Он передаст лагерь, как положено. С ним обойдутся корректно, по-военному. Существуют традиции, военный этикет, неписанные законы воинской чести. Он ведь и сам был солдат. Или почти солдат. Носитель мундира. Высокий офицерский чин. Так что общий язык найдется.

Нойбауер подтянулся. Не исключено, что его интернируют. Разумеется, на короткий срок. Может быть даже, в одном из замков в окрестностях города, с равными ему по положению господами. Он принялся обдумывать, как лучше передать лагерь. Конечно, по-военному. Четкий салют. Без гитлеровского приветствия с поднятой рукой. Да, пожалуй, тут лучше обойтись без этого. Просто, по-военному — рука у козырька фуражки.

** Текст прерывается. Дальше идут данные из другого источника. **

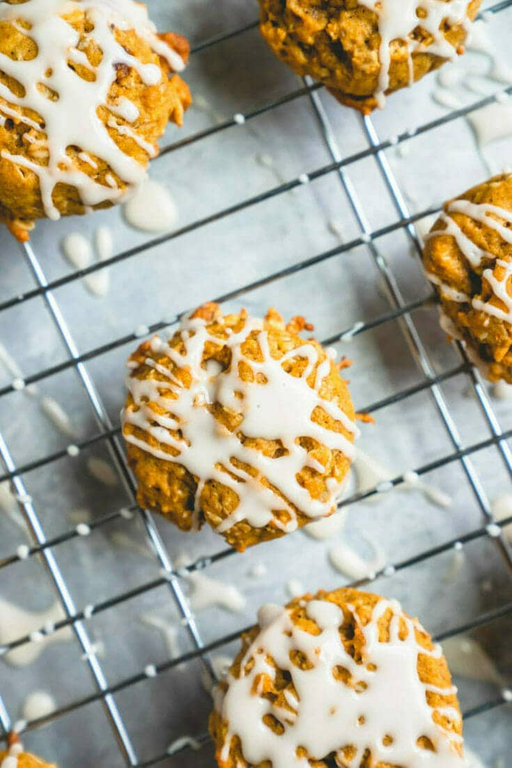 These easy pumpkin oatmeal cookies taste basically like oatmeal cream pies! They’re made with nutrient dense rolled oats and the traditional pumpkin spices: cinnamon, ginger, and nutmeg. The icing on the cake: they're topped 1-minute powdered sugar icing for a lacy look. See if you can resist and eat just one!
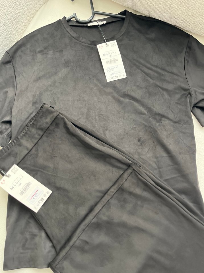 Siyah süet Kısa Kollu Takım

Он сделал несколько шагов и отсалютовал своему отражению в зеркале. Нет, не так скованно — не как подчиненный. Он попробовал еще раз. Не так-то просто было добиться нужного сочетания почтительности и элегантного достоинства. Рука по привычке взлетала слишком высоко. Все еще это проклятое гитлеровское приветствие. Идиотский способ приветствовать друг друга, если разобраться. Вскидывать руку вверх — может, это и неплохо для какого-нибудь юного вандерфогеля[17], но только не для офицера. Даже не верится, что столько лет приходилось приветствовать друг друга таким жестом!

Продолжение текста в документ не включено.